When used in patients who are at increased risk of infection due to mixed aerobic / anaerobic microflora (including in cases where one of the pathogens is Bacteroides fragilis), it is recommended to administer a drug that is active against cefepime in order to identify the pathogen. anaerobes.

It is used with caution in patients at risk of developing allergic reactions, especially to drugs.

With the development of allergic reactions, cefepime should be abolished.

For serious immediate-type hypersensitivity reactions, epinephrine (adrenaline) and other forms of supportive treatment may be required.

If diarrhea occurs during treatment, consideration should be given to the possibility of developing pseudomembranous colitis. In such cases, cefepime should be discontinued immediately and, if necessary, appropriate treatment should be given.

With the development of superinfection, cefepime should be immediately discontinued and appropriate treatment should be prescribed.

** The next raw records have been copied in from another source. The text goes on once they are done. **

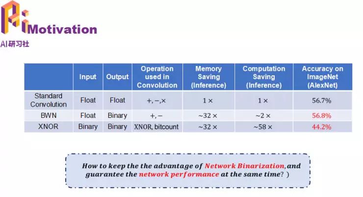 接下来介绍这篇文章的motivation,之前的XNOR网络虽然能实现58倍的加速,但网络精度出现大幅下降。我们希望既能利用二值化带来的便利,也避免网络精度的大幅度下降。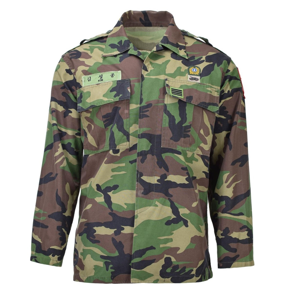 De getoonde Korea-legeroverhemden zijn van duurzaam katoen met een opvallend groen en zwart patroon voor effectieve verberging buitenshuis. Concreet is het de M90-boscamouflage-gevechtsveldvariant van het originele Zuid-Koreaanse militaire tactische shirt.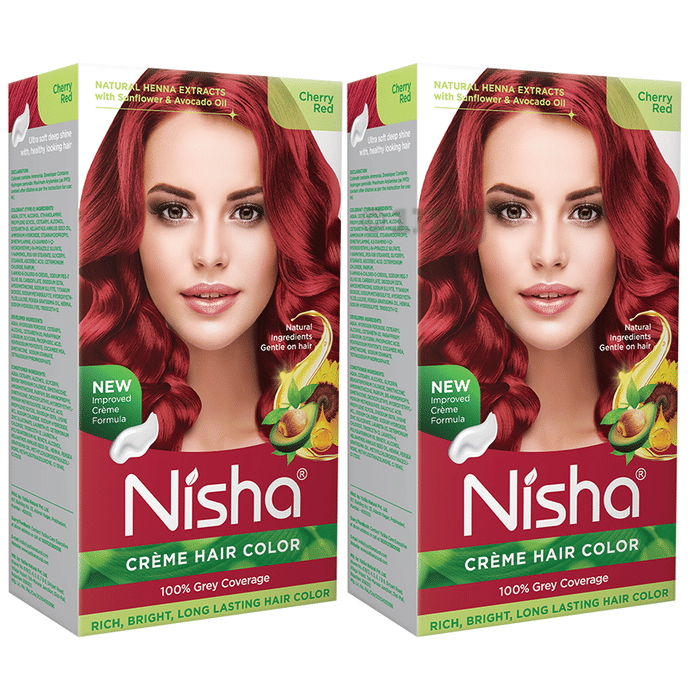 Nisha Creme Hair Color (120gm Each) Cherry Red is a hair colour system formulated to provide natural black cherry red shade and shine. It includes a crème colourant, developer, and conditioner to support complete hair colouring and care in one pack. This hair colour is formulated with henna, avocado and sunflower extracts to protect and condition hair while delivering vibrant and even coverage. Ideal for achieving a cherry red shade, it is designed to give you a salon-like finish at home.

When using other cephalosporin antibiotics have been observed rash, Stevens-Johnson syndrome, erythema multiforme, toxic epidermal necrolysis, colitis, renal failure, toxic nephropathy, aplastic anemia, hemolytic anemia, bleeding, seizures, abnormal liver function, including cholestasis , false positive test results on urine glucose.

The safety and efficacy of cefepime in children under the age of 2 months has not been established.

With extreme caution, cefepime is used together with aminoglycosides and "loop" diuretics.

Drug interaction

With the simultaneous introduction of a solution of cefepime with solutions of metronidazole, Vancomycin , Gentamicin , tobramycin sulfate and netilmicin sulfate, pharmaceutical interaction is possible.